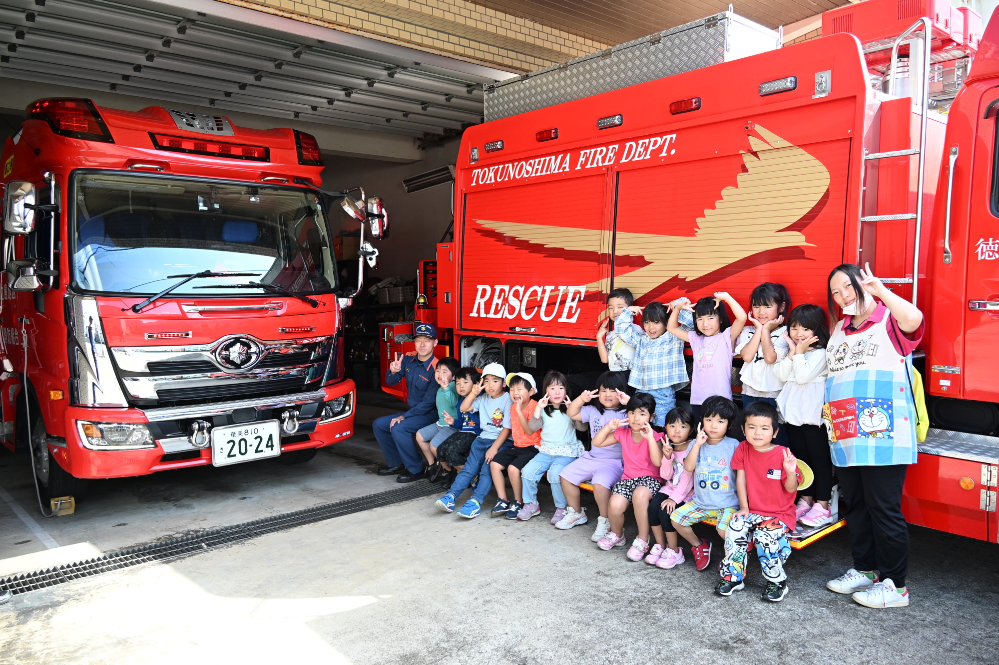 つばめ組(年中)さん、徳之島地区消防組合職場訪問に行ってきました。
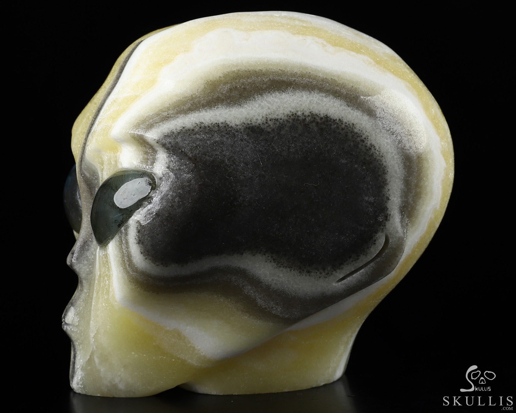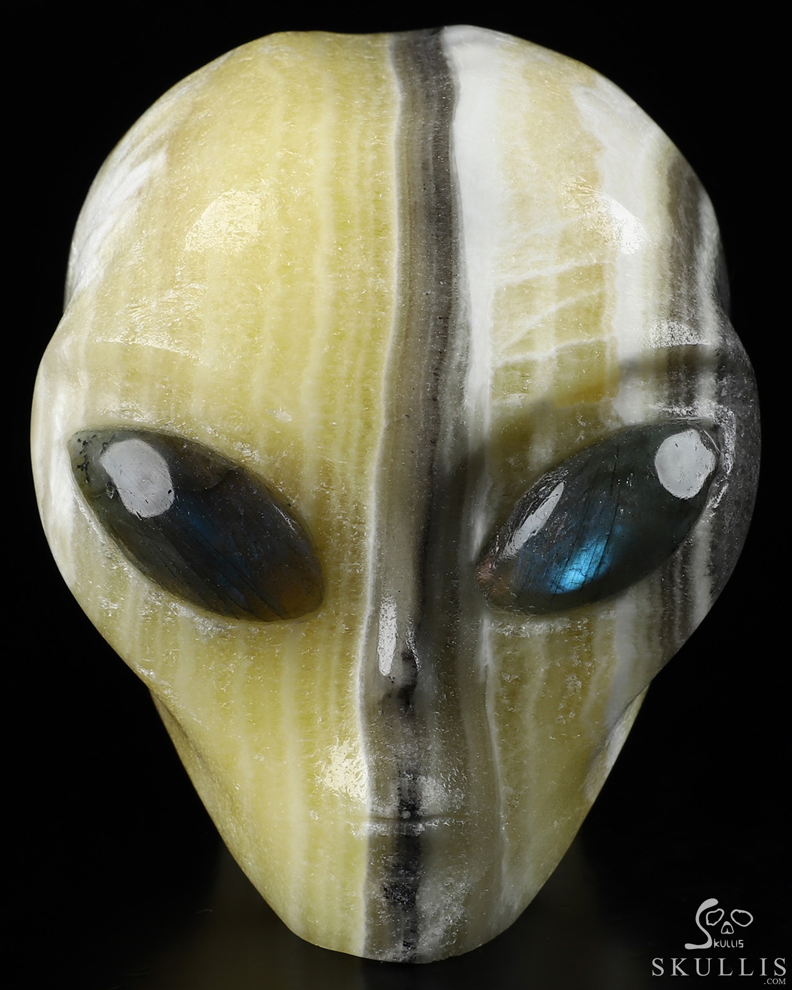 4.1" Zebra Calcite CarvedCrystal Skull Companion with Labradorite Eyes, Star Being Female Alien Reiki Healing Stone Statue
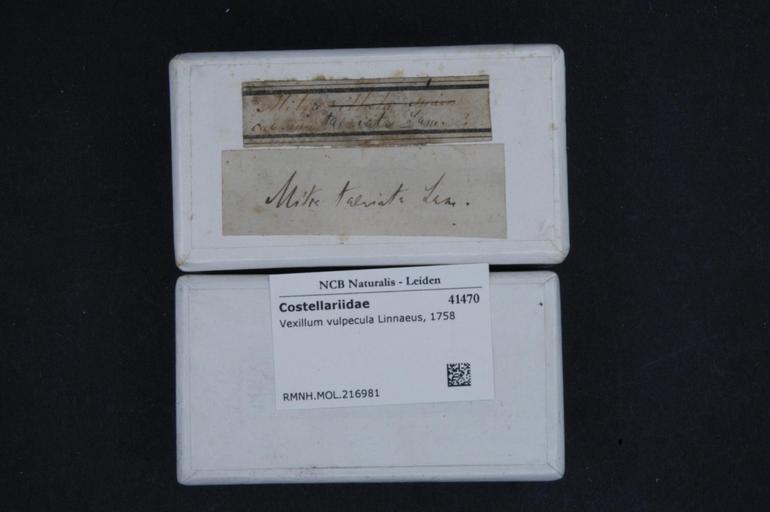 Keywords: Naturalis Biodiversity Center - RMNH.MOL.216981 1 - Vexillum vulpecula (Linnaeus, 1758) - Costellariidae - Mollusc shell.jpeg artwork Dimensions artwork Document type Costellariidae Vexillum Individual count Infraspecific epithet Infraspecific rank Institution Naturalis Kind of unit artwork Kind of unit specimen shell Life stage Medium artwork Nomenclatural code Source institute Rijksmuseum van Natuurlijke Historie Leiden Scale the width of the text on the species/QR-code label is 38 mm Occurrence ID page Neogastropoda Other fields Other versions artwork Permission license Naturalis donation CC-0 Mollusca Publication location Scientific name Vexillum vulpecula Linnaeus 1758 Scientific name authorship Linnaeus 1758 Source url http //bioportal naturalis nl Specific epithet vulpecula State or province Subject keywords artwork Subject keywords publication Title artwork Title publication Type status Uploaded with GWToolset Naturalis_Biodiversity_Center_-_RMNH MOL 216981_1_-_Vexillum_vulpecula_ Linnaeus _1758 _-_Costellariidae_-_Mollusc_shell http //medialib naturalis nl/file/id/RMNH MOL 216981_1/format/large Molluscs at Naturalis from the Rijksmuseum van Natuurlijke Historie Media donated by Naturalis Biodiversity Center Vexillum vulpecula Vexillum |
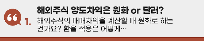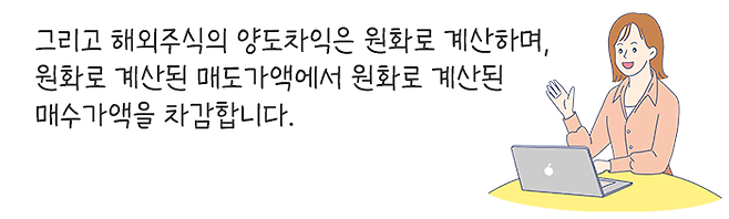 원화로 계산해야 하기 때문에 매도와 매수 결제일의 환율이 적용되는데, 간혹, 개인의 경우 ‘환차익은 과세대상’이 아니라고 생각하는 경우가 있어 주의가 필요합니다.
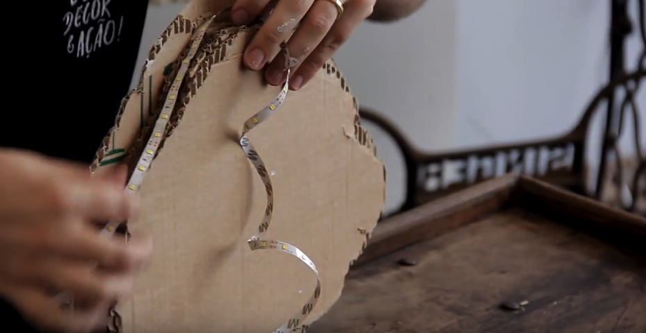 Com a fita de LED, iremos iluminar a peça criada até agora! Para isso a fita deve ser colocada no entorno da peça, conforme podemos ver na imagem abaixo:

- Your task
Take the records from their first line through the line containing "Healing Stone Statue" and please return exactly those lines, both ends included, minus the pictures.

- Response area
 つばめ組(年中)さん、徳之島地区消防組合職場訪問に行ってきました。
 4.1" Zebra Calcite CarvedCrystal Skull Companion with Labradorite Eyes, Star Being Female Alien Reiki Healing Stone Statue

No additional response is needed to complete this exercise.